Début décembre, un porte-conteneurs a perdu une partie de sa cargaison au large du Portugal. Ces granulés plastiques de quelques millimètres de diamètre sont notamment utilisés comme matériau de remplissage dans les emballages. Il y a cinq ans, un désastre écologique similaire s’était produit sur la côte des Wadden aux Pays-Bas et en Allemagne.
La Commission européenne a récemment annoncé de nouvelles règles contre le plastique en tant que matériau d’emballage. Mais le commissaire à l’environnement Virginius Sinkevicius ne souhaite pas (encore ?) appliquer ces règles à la navigation maritime, car cela est déjà réglementé au niveau international via l’Organisation maritime internationale (OMI). L’Union européenne pourrait toutefois s’accorder sur des règles relatives aux transports maritimes à destination des pays de l’UE.
L’eurodéputée néerlandaise Anja Haga (ChristenUnie) souhaite plaider jeudi à Strasbourg pour des règles plus strictes concernant les porte-conteneurs et insister sur une interdiction des granulés plastiques non biodégradables. La semaine dernière, la commission Environnement du Parlement européen a déjà adopté une résolution à ce sujet, sur laquelle le vote aura lieu cette semaine.
« Depuis plusieurs semaines, des millions de granulés plastiques échouent sur la côte espagnole, à cause d’un conteneur tombé à la mer. Il y a cinq ans, j’ai vu de mes propres yeux les dégâts énormes provoqués par la catastrophe du MSC Zoe dans la région des Wadden. J’ai alors décidé de vivre sans plastique. C’est donc avec le cœur lourd que je constate aujourd’hui une nouvelle catastrophe environnementale d’une telle ampleur », déclare Haga.
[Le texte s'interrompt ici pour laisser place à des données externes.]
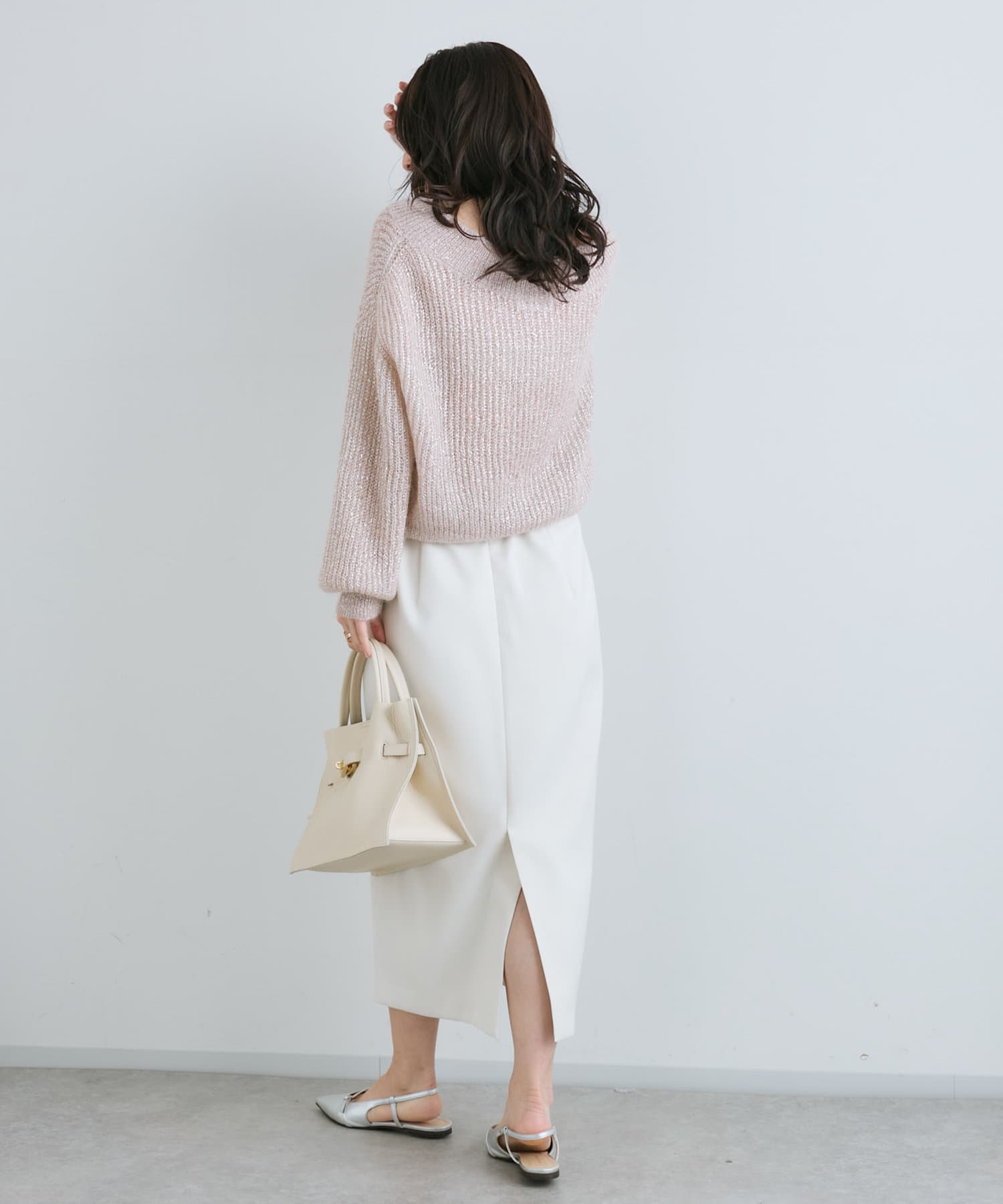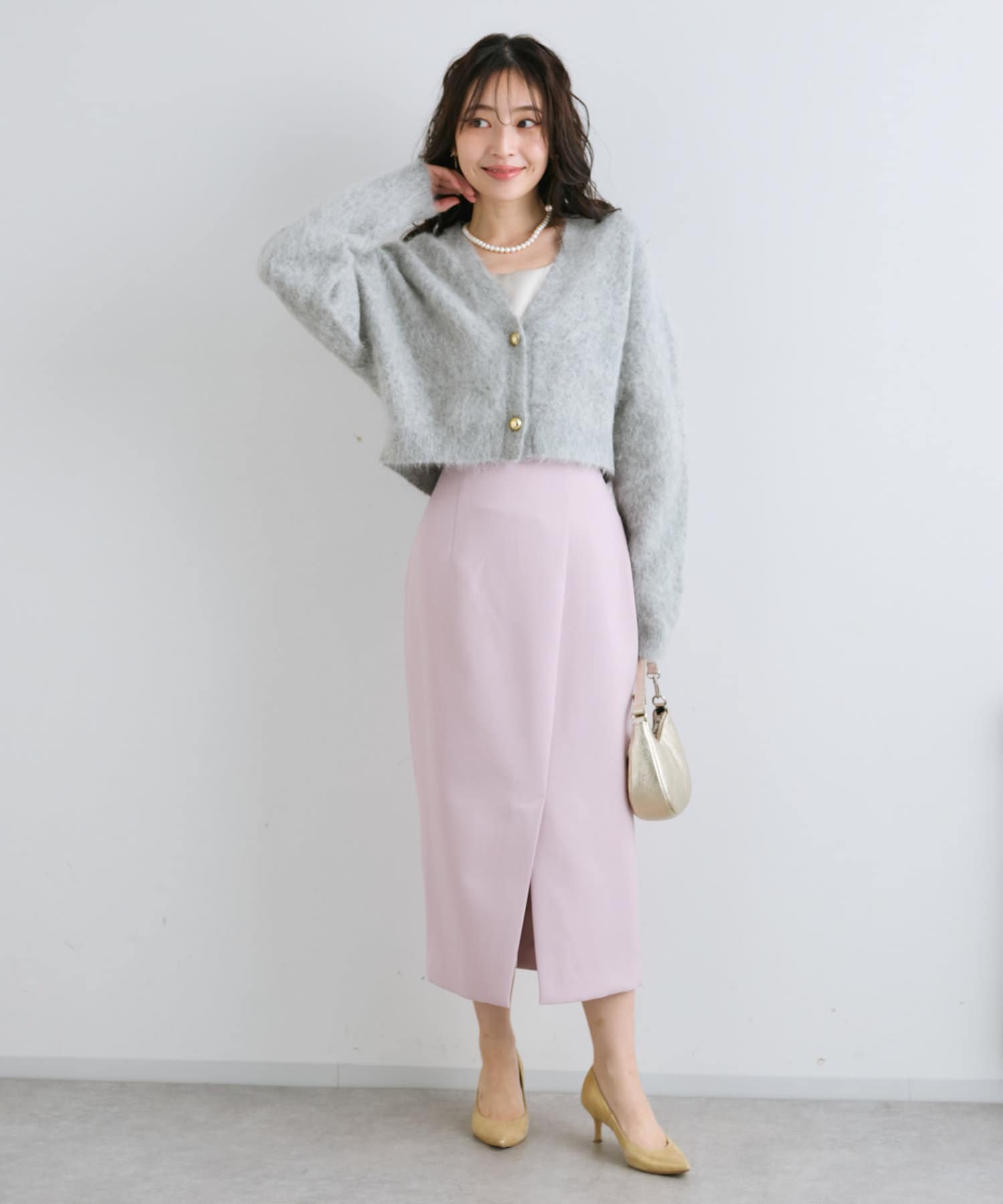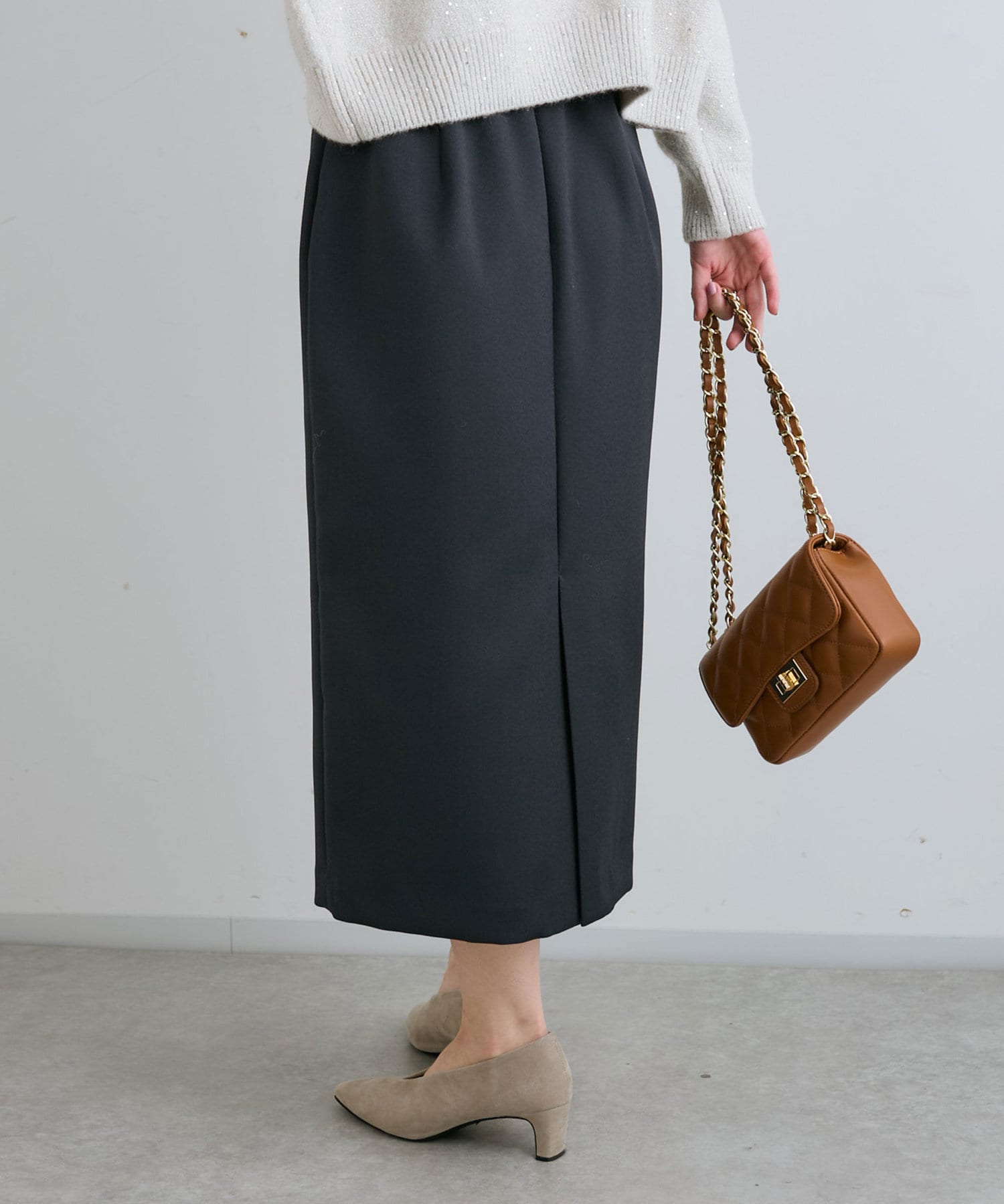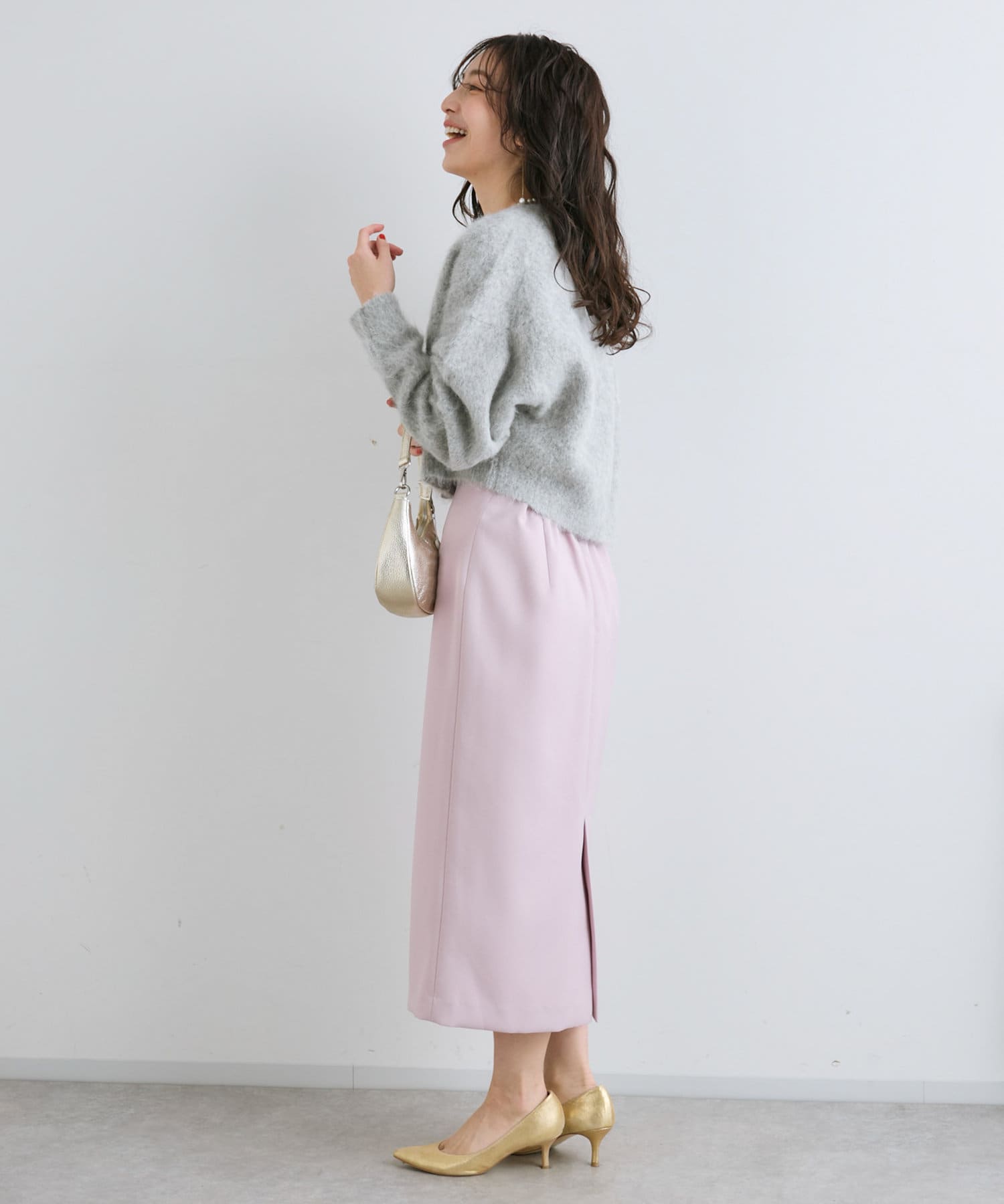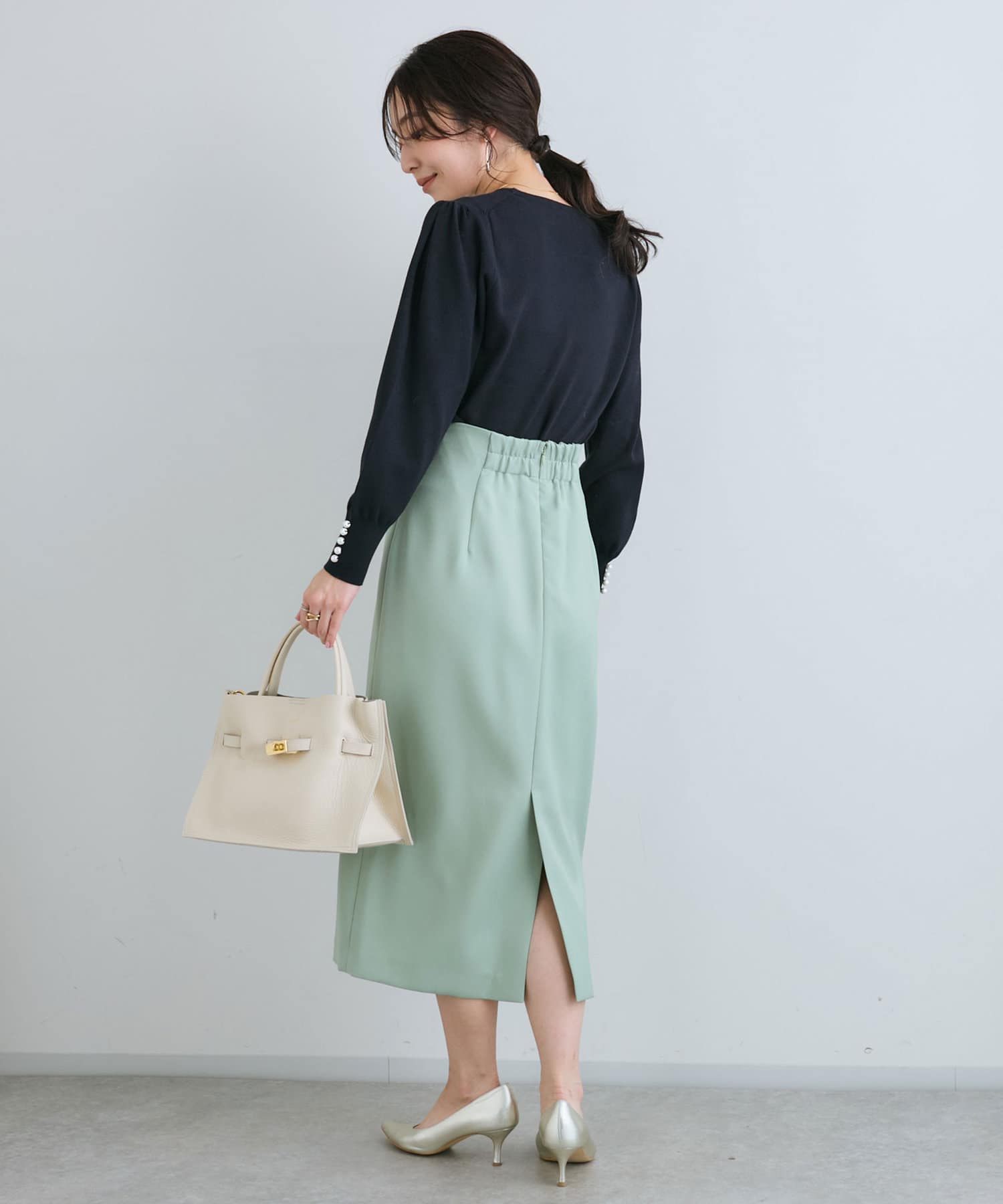 ウールのニット素材との合わせもすっきりとしたスタイリングに仕上げてくれます。

Les granulés plastiques, ou polypropylène, sont notamment utilisés pour polir des produits métalliques. C’est un matériau qui absorbe les chocs et les impacts et peut également servir de matériau de remplissage. Ainsi, on évite que les produits fragiles s’endommagent entre eux pendant le transport si l’emballage contient trop d’espace vide. Selon l’Agence européenne des substances chimiques, 176 000 tonnes de plastique sont accidentellement déversées chaque année dans l’environnement.
Joao Albuquerque, négociateur principal du Parlement européen, a déclaré jeudi que la nouvelle loi devrait aussi s’appliquer aux rejets accidentels dans le secteur maritime. « Cela est devenu extrêmement urgent. Ce genre de drames environnementaux est presque toujours évitable ».
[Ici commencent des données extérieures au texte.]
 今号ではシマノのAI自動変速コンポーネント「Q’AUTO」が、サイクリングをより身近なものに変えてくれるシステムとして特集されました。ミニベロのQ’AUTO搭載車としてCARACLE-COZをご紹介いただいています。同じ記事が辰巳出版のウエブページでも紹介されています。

La Commission européenne proposait initialement que les entreprises transportant plus de 1 000 tonnes de granulés plastiques subissent un contrôle. Le Parlement envisage désormais d’abaisser ce seuil à 250 tonnes. Les parlementaires européens souhaitent également que la loi couvre non seulement les granulés plastiques, mais aussi les flocons, poudres et substances plastiques utilisées pour la fabrication de produits.
Le Parlement européen veut accélérer la procédure afin que les négociations avec les États membres puissent être achevées avant les élections européennes de juin. Les députés écologistes et libéraux soutiennent cette démarche, mais les chrétiens-démocrates de centre droit s’opposent à certaines dispositions, telles que la tentative d’élargir le nombre d’entreprises concernées par la loi, ce qui entraînerait une charge administrative trop importante pour trop de petites entreprises.